Tom Angell covers policy and politics for Marijuana.com. Separately, he serves as chairman of the nonprofit organization Marijuana Majority, which works to ensure that elected officials and the media treat legalization as a serious, mainstream issue. Marijuana Majority led the effort to get the U.S. Conference of Mayors to pass a resolution telling the federal government to respect state marijuana laws, and orchestrated the first-ever endorsement for marijuana legalization by a U.S. Supreme Court justice (John Paul Stevens). Previously, Tom worked for Law Enforcement Against Prohibition and Students for Sensible Drug Policy. (All organizations are listed for identification purposes only.)

13 Comments

  1. How is it, that the DEA gets to decide which drugs are illegal? DEA stands for drug enforcement agency. Not drug policy agency. Drug policy should be decided by doctors not cops. This is a conflict of interests.

  2. Son of Liberty on

    The Feds did their research in how to feed people to the Prison Industrial Complex for growing and using cannabis and even profit from it all.

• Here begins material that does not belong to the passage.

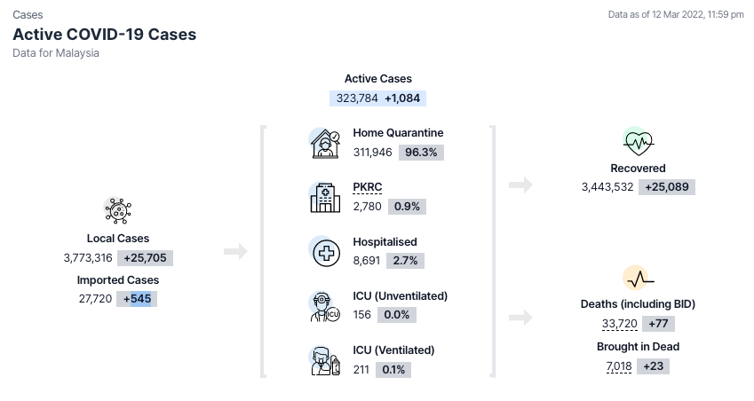 卫生部COVIDNOW网站通报,截至12日11.59pm,我国新增 #26,250宗,累计病例至今 #3,801,036宗。
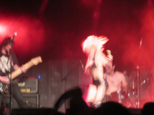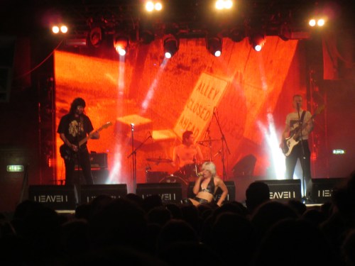 Beyond the two songs I mentioned above, I couldn’t tell you what they played. It doesn’t really matter. They just rocked. Amy did a fair bit of crowd surfing, but wore her parka for the last go, as her top seemed to find itself undone on the previous incursions. She swigged what looked like champagne (or Prosecco?), although she had a bit of water too. She expends a lot of energy on stage, for sure. The boys shout the choruses and lay down those riffs and rhythms. It is rock’n’roll. Nothing more, nothing less.

    • The research started with figuring out how to allow an unnecessary and improper definition of marijuana to be put into a federal statute. This definition conforms to that clause as well as the Ninth and Tenth Amendments, and its format allows for rescheduling:

      16. The term “marijuana” means all parts of the smoke produced by the combustion of the plant Cannabis sativa L. which is prohibited to be grown by or sold by any publicly traded corporation or subsidiary company.

      This year is a good time to suggest this definition in a letter to your congressional representatives.

  3. Lawrence Goodwin on

    Great work, Tom Angell, documenting the final months of this blatant federal “marihuana” fraud. For 45 long years, it has been arrogantly perpetuated, first and foremost, by heartless, unelected bureaucrats with power in the Drug Enforcement Administration. These same Democrats should remind their obstinate Republican colleagues that cannabis flower extracts were commonly prescribed to patients by America’s doctors from the mid-1800s onward. The fraudulent legal term “marihuana” should be entirely erased from the Controlled Substances Act. By tomorrow!

  4. March 2015, I began a UCLA detox program (from increasingly heavy doses of opioids since 1993) and successfully became free of opioid use and dependency by June of 2015. In addition to excellent care and guidance from Dr. Joy Hao, I used medical marijuana (MMJ- Rx from another physician) during my tapering off process. Dr. Hao was aware of my “experiment” as I shared my journey into the world of pot with her. With the help of the marijuana, I was able to avoid the addictive and expensive trap of Suboxone which prolongs one’s opioid dependence. Suboxone is to opioid dependence as methadone is to heroin addiction. I was the first of Dr. Hao’s patients to both successfully end opioid dependency AND avoid the Suboxone routine.

    Early in detox, about March 25, 2015, and in arthritic (OA) pain and while using opioids, I took one drag of medical marijuana. The effect was to shut down my “pain control central” and to give me relief that the opioids simply could not provide. Next day I was at the MMJ doctor and qualified for MMJ and a visit to a nearby dispensary. I am thankful that I live in California.

    It’s February 2016 and I continue to be opioid-free. I use (vape) the MMJ at night for the OA pain and use (50 state legal) hemp oil during the day. I wish Ms. Warren much success in her battle for the enlightened study of, and sensible use of, MMJ.